C(ielo ras)O, un CO que deja KO

Comienza el Festival Territorio Danza en la Cuarta Pared. Lo hace con un díptico formado por las dos últimas creaciones de la compañía Cielo rasO. No hay tanta gente como en otros estrenos en esta sala. Se puede elucubrar sobre las razones de esta asistencia. Puede achacársele a la situación política en la que se estrenó, a la multitud de convocatorias que hay en Madrid o a que no se trate de una compañía excesivamente conocida. Aunque, quizás, la verdadera y única razón pueda ser el poco interés que la danza provoca en el público en general y en la crítica teatral en particular. Ellos se lo pierden. Y más en este caso.

Porque esta compañía merece ser conocida y su trabajo disfrutado. Un trabajo basado en el cuerpo, su movimiento en un escenario al compás de unas composiciones musicales elegidas a cuchillo. Cuerpo que moviéndose crea espacio, crea imágenes, crea belleza en un movimiento acompasado.

Tanto Tormenta, la primera que se presentó, como Jardín de invierno, la segunda, tienen un prologo similar. El prologo de un cuerpo, solo uno, en escena. Un cuerpo que mueve músculos. Desde la leve contracción de un pectoral en Tormenta, irónica y graciosa señal muscular, el guiño que todo musculitos hace en un gimnasio, hasta el movimiento que rítmicamente estira y flexiona la espalda en Jardín de invierno. Un movimiento que en esa tenue luz hace pensar por momentos en una ballena solitaria en el mar o en un fantástico monstruo marino o lacunar culebreando. Cotidianidad y poesía. Cotidianidad e imaginación.

Una total declaración de intenciones en un mundo corporal que se desarrolla en un entorno de objetos insólitos para bailar. Como los vasos que en Tormenta ocupan disciplinadamente el escenario. Vasos que la imaginación del coreógrafo, Igor Calonge, convierte en unos improvisadas zapatillas de ballet sobre las que se irá elevando la bailarina. Una elevación ralentizada en el tiempo por ese ir acumulando vasos en los pies mientras la sujeta el bailarín protagonista. Como si de un ballet clásico se tratase, el elevando a ella, ya que no hay modernidad sin tradición, sin los clásicos.

Coreografía en la que dos hombres compiten por la única mujer en escena. Un triángulo amoroso en el que la mujer salta de uno a otro y de otro a uno. Mujer que se sustenta, se agarra, se sube al cuerpo inmutable de un hombre que se mantiene erguido sobre el suelo. Hombre que apenas gira para ofrecerle unos labios, una mirada. Hombres y mujeres que hacen jettés tumbados en el suelo. Como si el suelo, de repente, se convirtiese en la pared, en el fondo del escenario.

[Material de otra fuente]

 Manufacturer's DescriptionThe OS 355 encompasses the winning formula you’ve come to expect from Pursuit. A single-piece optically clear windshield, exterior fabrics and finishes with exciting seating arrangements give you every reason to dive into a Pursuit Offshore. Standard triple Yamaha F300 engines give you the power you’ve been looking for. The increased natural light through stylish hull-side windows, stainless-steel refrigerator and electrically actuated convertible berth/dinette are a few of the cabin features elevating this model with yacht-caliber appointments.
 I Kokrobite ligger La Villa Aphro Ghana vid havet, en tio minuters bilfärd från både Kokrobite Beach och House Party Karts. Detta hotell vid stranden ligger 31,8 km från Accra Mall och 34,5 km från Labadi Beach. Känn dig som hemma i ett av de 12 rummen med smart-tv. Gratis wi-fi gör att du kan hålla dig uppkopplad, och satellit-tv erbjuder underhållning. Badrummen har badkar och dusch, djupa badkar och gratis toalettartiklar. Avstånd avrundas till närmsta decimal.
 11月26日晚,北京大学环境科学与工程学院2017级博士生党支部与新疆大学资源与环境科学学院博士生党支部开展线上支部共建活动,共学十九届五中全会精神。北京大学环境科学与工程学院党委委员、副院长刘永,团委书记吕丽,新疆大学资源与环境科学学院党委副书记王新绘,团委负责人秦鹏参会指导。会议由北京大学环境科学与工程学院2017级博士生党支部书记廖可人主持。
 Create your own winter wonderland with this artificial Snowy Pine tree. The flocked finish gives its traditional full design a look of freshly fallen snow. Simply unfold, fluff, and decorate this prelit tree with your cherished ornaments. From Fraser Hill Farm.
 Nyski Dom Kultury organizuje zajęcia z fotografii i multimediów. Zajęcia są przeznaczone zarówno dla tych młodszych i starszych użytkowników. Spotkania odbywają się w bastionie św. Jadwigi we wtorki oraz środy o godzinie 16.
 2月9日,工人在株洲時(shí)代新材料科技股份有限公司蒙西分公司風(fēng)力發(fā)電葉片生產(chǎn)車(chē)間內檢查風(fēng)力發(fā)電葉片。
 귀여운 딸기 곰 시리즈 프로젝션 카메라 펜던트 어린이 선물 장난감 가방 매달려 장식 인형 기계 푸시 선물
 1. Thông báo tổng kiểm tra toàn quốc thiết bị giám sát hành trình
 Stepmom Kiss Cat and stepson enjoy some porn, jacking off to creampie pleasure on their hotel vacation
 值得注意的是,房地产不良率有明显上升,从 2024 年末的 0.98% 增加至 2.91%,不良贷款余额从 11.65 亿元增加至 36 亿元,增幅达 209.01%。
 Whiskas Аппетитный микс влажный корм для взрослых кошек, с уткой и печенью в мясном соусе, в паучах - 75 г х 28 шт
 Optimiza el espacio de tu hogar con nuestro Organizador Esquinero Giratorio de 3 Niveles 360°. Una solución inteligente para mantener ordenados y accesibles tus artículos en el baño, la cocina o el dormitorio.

Gramáticas corporales que se repiten en Jardín de invierno, el segundo trabajo presentado. Coreografía en la que los vasos han sido sustituidos por globos llenos de helio que se mantienen unidos al suelo por hilos casi invisibles. Hilos que se desprenderán del suelo y se enrollaran en los cuerpos de los bailarines haciendo que los globos les sigan en sus movimientos. Cuerpos ligeros como globos ligeros. Movimientos que se recortan sobre la mítica pared del fondo de esta sala que hacen que, por muchas veces que se haya estado en ella, la vuelvas a mirar como si fuese la primera vez porque lo que se ve en escena, lo que hace esta compañía parece visto por primera vez, a pesar de sus referencias, entre las que Pina Bausch y Susanne Linke resultan inevitables.

Así van conformando en ambas coreografías sencillos territorios míticos. El del tormentoso triángulo amoroso y el de un jardín en invierno en el que jugar o emparejarse. Espacios atravesados por una animalidad corporal. Como esos dos cuerpos a cuatro patas que en Tormenta se golpean como verracos. Como esa bailarina que a cuatro patas atraviesa en diagonal el escenario, que mueve el pie como mueve la mano, en Jardín de Invierno. Algo que se hace lento pero que por algún motivo resulta como una ensoñación en medio de la inquietante quietud o la activa actividad que estos bailarines despliegan en escena.

Estado que se resume muy bien en la escena de Jardín de Invierno en el que cuatro bailarines se mueven por el escenario andando bocarriba y a cuatro patas mientras hinchan globos. Movimientos a los que le saben quitar todo lo que tienen de acrobáticos, de circenses, añadiendo una nota de color, un color que va ocupando visión a medida que los globos por el aire, poco a poco, aumentan de tamaño, hasta que los bailarines los sueltan de la boca y salen volando y pedorreando hasta caer al suelo. Como diciendo que los seres humanos somos un movimiento y una respiración inflándose y desinflándose. Dejándose caer como un triste y simple pellejo. Melancolía y cierta tristeza que provoca entusiasmo, mucho, y felicidad, más.